Of course the above figures change with the markets, but regardless of whether the cattle are worth $25.00 per CWT or $125.00 per CWT, remote injection makes sense and is cost effective.
Folks, I like to cowboy as much as the next guy or gal. I know its fun, but there’s the cowboy way and then there is the cattleman’s way. Depending on the market, if one or two head are prevented from death or from becoming chronics, the equipment will have paid for itself. Then you can take a look at the convenience and time saved. If you have to doctor a critter far from facilities, by the time you lot it and spook the rest of the herd up, get a trailer, load it and drive to facilities, doctor on it and then haul it back to the pasture someday when it’s well, the cost of the dart looks pretty cheap to me. To boot, you are not stressing the animal excessively.
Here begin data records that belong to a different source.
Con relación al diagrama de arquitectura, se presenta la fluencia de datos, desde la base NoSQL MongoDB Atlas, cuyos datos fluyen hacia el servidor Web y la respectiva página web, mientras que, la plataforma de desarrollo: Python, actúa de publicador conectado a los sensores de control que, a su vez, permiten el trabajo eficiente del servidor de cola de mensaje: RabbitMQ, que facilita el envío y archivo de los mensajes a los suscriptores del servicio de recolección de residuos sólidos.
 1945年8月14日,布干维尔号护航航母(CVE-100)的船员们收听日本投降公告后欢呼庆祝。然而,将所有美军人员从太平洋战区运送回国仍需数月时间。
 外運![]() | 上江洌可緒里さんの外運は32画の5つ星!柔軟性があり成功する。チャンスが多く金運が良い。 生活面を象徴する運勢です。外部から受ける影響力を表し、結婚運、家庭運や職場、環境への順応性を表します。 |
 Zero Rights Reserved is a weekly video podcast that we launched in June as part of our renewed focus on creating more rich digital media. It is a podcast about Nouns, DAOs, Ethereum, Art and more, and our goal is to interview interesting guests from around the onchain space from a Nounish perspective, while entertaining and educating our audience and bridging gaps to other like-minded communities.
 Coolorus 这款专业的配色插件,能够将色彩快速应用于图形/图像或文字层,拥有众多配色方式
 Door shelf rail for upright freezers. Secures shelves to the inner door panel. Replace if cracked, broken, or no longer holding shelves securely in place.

I tend to stress out myself upon occasion; especially when a five minute job which could be accomplished with a dart gun turns into a half a days work by conventional methods.
You received a load of 125 head of stocker cattle the night before at 2 a.m. in the morning that had just undergone a twenty hour haul. It is 1 p.m. the next day and the temperature is 102 degrees. The cattle have eaten some hay and feed you put out before they arrived and they have all had a drink of water. The cattle are resting beneath the shade trees in your lot. You see three head that sure need a shot. Common sense should tell you to dart the three head right where they are and leave the rest of the cattle alone. By penning half the cattle into the sorting pens and running them around in the heat to isolate the three head, you will push who knows how many head to sickness by the stress you would invoke on them in the heat of the day.
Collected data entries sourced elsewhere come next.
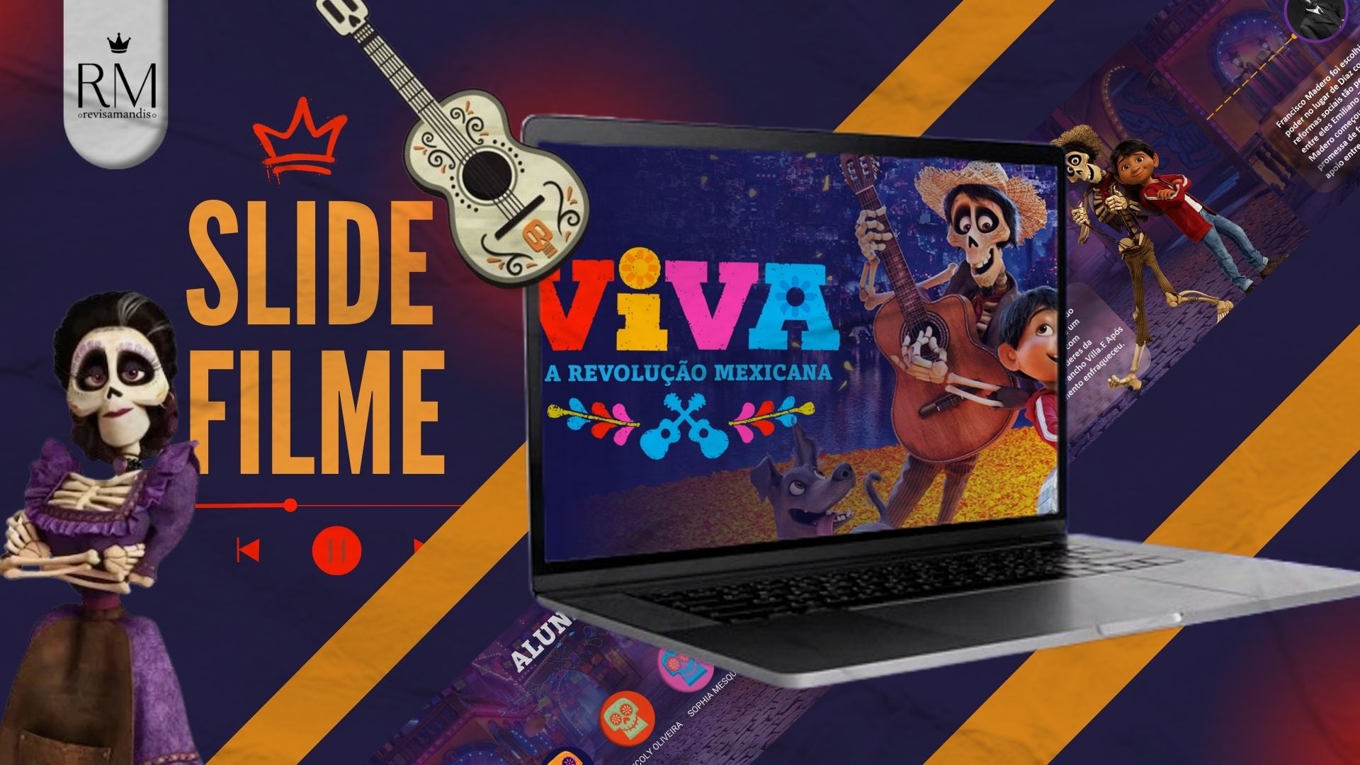 Template desenvolvido no PowerPoint inspirado no filme viva a vida é uma festa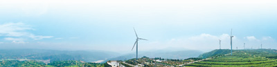 河南省三门峡市,一座座风力发电装置耸立在山地丘陵地带。张远明摄(人民视觉)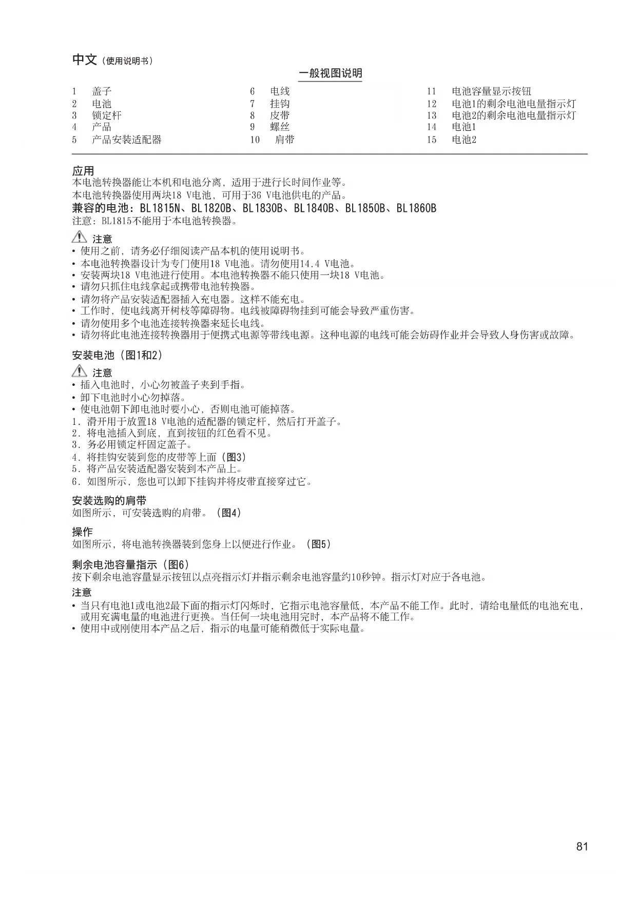 本电池转换器能让本机和电池分离,适用于进行长时间作业等。 本电池转换器使用两块18V电池,可用于36V电池供电的产品。 兼容的电池:BL1815N、BL1820B、BL1830B、BL1840B、BL1850B、BL1860B 注意:BL1815不能用于本电池转换器。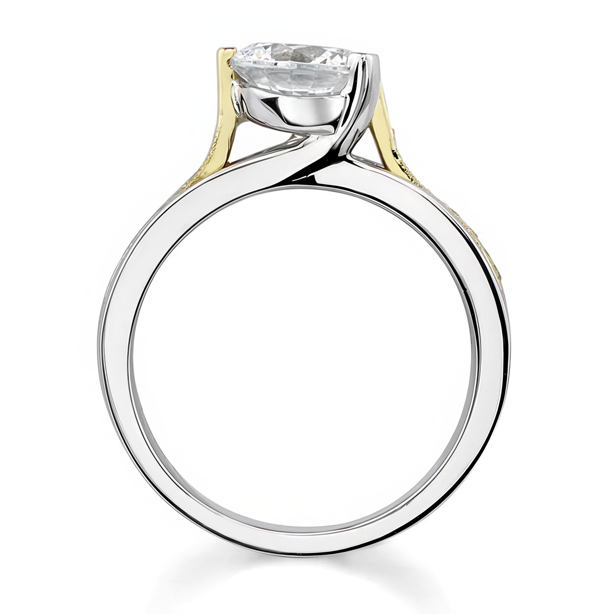 This fancy yellow diamond moissanite ring features a three prong center with a white gold shank and a yellow gold center trim adorned with pave set fancy yellow diamonds and a milgrain finish for an elegant touch.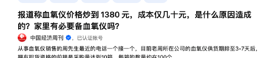 最直观的表现,就是血氧仪再次被抢购一空。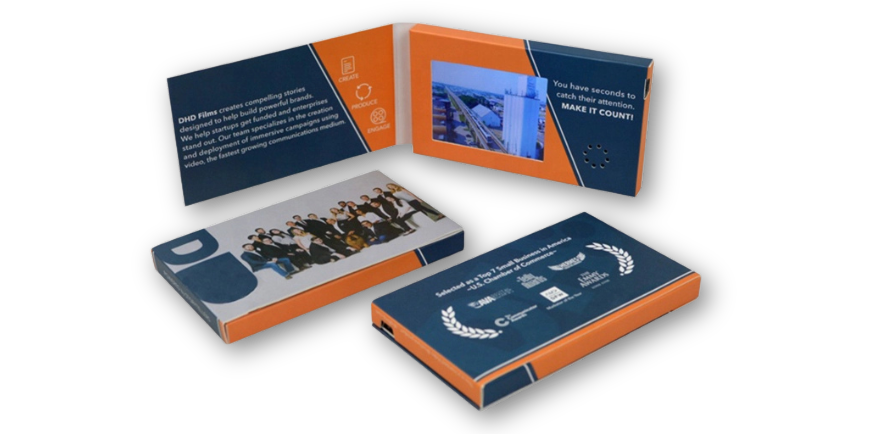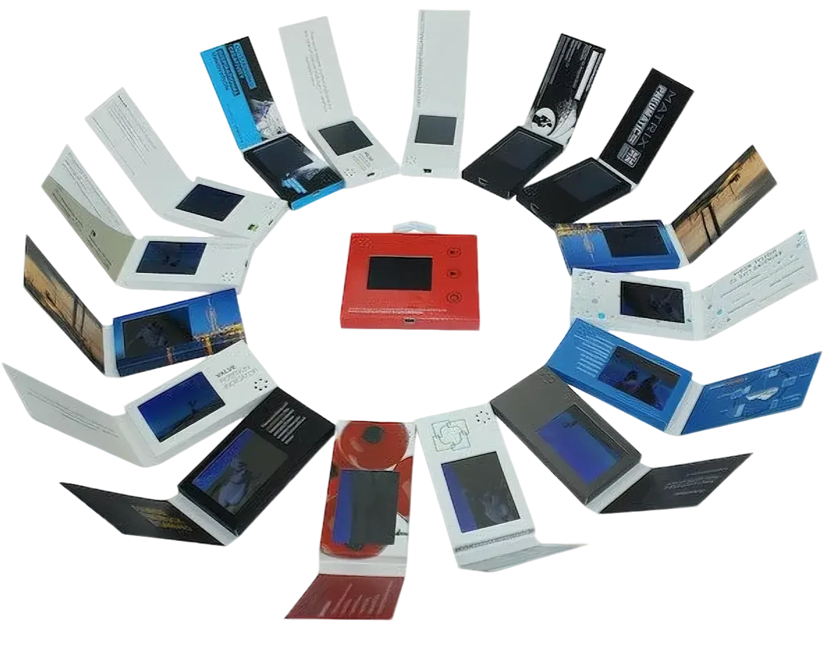 A Video Business Card is a small, portable booklet (usually credit-card-sized or slightly larger) that includes a built-in video screen, speaker, and USB-rechargeable battery. When opened, it automatically plays a video—typically introducing your business, showcasing products/services, or delivering a personal message.

As stated earlier in this writing, I’m still learning myself. Much of the contents herein have been learned the hard way. I hope this writing will help some people avoid mistakes I’ve encountered. When you purchase your darting equipment, spend as much as you can afford towards the projector. This is a one time investment, especially on the higher end models. I see people attempting to use their old projectors designed to shoot the reusable type of darts to project disposable darts. What they run into is there is limited power control on these projectors. Pneu-Dart darts weigh much less than the reusable kind and fly much faster. This makes giving a proper injection difficult with an antiquated projector. Over time, they figure out they would have been ahead to have just obtained the best equipment in the first place. Usually in this type of scenario they eventually end up buying a projector designed for the disposable darts and keep the old projector for an emergency back up just in case the Pneu-Dart projector gets stolen or run over by a truck.
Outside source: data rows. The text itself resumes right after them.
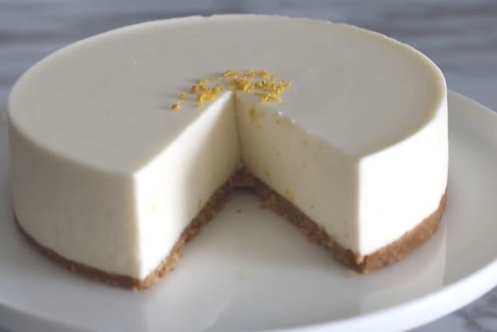 - 組合冷藏: 把拌好的芝士糊倒入準備好的餅乾底模具中。輕震幾下消除大氣泡。蓋上保鮮膜,冷藏至少4小時,最好過夜。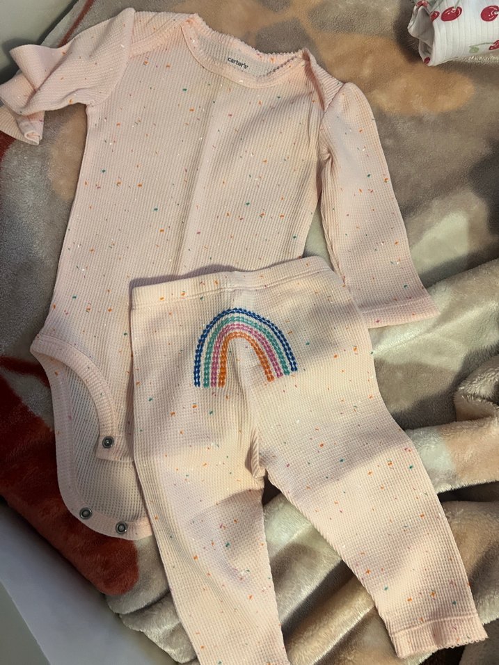 Pastel renklerde, uzun kollu örgü bebek kız takımı, pantolon üzerinde gökkuşağı nakışı ile tamamlanmıştır. Yumuşak dokusu rahatlık sağlar.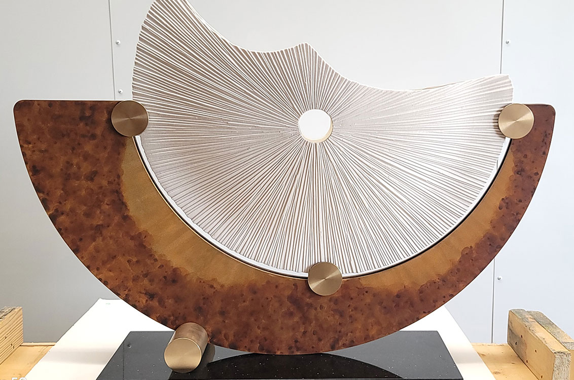 The stainless-steel sculpture “Water in Dripping – Waterfall” by Zheng Lu can be found at Serene Spa & Wellness on Deck 5.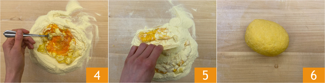Beginnen Sie, die Zutaten mit einer Gabel zu vermengen, indem Sie nach und nach das Mehl einarbeiten 4, dann fahren Sie mit der Hand fort und helfen sich mit einem Teigschaber 5. Wenn Sie einen glatten und homogenen Teigklumpen erhalten haben 6, wickeln Sie ihn in Frischhaltefolie und lassen Sie ihn etwa 30 Minuten bei Raumtemperatur ruhen.

People will steal your dart gun. In more than one such case I could not get the victims of such thefts new replacement rifles fast enough! I guess it’s kind of like leaving your house without your cell phone in this day and age. You feel somewhat lost without it.
Every once in a great while I’ll have someone ask me about a crossbow projector that is capable of twenty or thirty cc injections. All I can tell them is that there are very few drugs out there that I know of that are labeled for more than 10cc per injection site; then I remind them what century we are in. Putting all that aside, think of the impact trauma generated to the animal’s tissue that occurs if it is close enough to be hit by one of those things! Common sense would dictate that it would not be a good idea to use a framing hammer to complete the finish work in your house.